Work through the listing below and give again exactly the lines from the one with "Одна з особливостей" to the one with "このモデルを見た瞬間、多くの", both ends included. All other lines and all pictures stay out.

::: EXERCISE INPUT

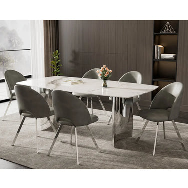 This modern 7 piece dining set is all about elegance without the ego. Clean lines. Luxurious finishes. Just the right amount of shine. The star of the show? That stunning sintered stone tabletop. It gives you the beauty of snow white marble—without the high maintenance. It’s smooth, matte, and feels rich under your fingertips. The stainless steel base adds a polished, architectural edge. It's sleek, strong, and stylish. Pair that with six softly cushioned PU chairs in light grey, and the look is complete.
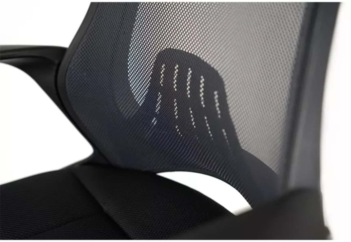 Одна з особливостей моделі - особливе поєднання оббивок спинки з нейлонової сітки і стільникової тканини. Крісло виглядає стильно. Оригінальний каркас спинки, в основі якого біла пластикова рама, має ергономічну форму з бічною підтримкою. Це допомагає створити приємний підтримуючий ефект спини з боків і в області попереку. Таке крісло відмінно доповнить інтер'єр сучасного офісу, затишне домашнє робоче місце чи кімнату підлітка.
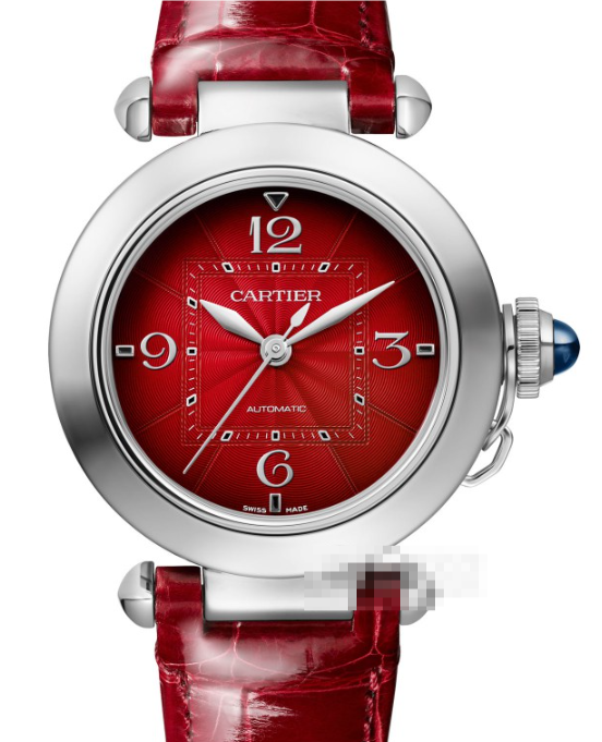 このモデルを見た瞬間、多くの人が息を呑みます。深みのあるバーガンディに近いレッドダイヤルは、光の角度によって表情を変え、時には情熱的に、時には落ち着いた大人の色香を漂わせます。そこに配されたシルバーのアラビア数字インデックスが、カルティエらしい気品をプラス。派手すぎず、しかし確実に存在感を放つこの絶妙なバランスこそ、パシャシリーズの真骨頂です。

::::::
::: EXERCISE INPUT

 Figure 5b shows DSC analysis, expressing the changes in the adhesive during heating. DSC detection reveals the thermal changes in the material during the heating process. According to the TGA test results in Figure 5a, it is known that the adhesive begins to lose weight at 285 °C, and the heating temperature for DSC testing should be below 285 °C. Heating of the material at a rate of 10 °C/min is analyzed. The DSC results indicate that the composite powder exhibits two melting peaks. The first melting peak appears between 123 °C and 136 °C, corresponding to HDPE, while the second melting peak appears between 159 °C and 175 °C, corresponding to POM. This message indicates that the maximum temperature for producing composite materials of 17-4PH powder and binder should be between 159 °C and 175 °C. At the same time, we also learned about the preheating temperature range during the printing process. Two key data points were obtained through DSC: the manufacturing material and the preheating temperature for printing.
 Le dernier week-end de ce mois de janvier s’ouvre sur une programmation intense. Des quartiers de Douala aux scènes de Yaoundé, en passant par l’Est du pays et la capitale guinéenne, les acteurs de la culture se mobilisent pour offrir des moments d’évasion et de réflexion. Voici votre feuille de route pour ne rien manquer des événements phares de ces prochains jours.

::::::

→ PROBLEM SOLUTION:
 Одна з особливостей моделі - особливе поєднання оббивок спинки з нейлонової сітки і стільникової тканини. Крісло виглядає стильно. Оригінальний каркас спинки, в основі якого біла пластикова рама, має ергономічну форму з бічною підтримкою. Це допомагає створити приємний підтримуючий ефект спини з боків і в області попереку. Таке крісло відмінно доповнить інтер'єр сучасного офісу, затишне домашнє робоче місце чи кімнату підлітка.
 このモデルを見た瞬間、多くの人が息を呑みます。深みのあるバーガンディに近いレッドダイヤルは、光の角度によって表情を変え、時には情熱的に、時には落ち着いた大人の色香を漂わせます。そこに配されたシルバーのアラビア数字インデックスが、カルティエらしい気品をプラス。派手すぎず、しかし確実に存在感を放つこの絶妙なバランスこそ、パシャシリーズの真骨頂です。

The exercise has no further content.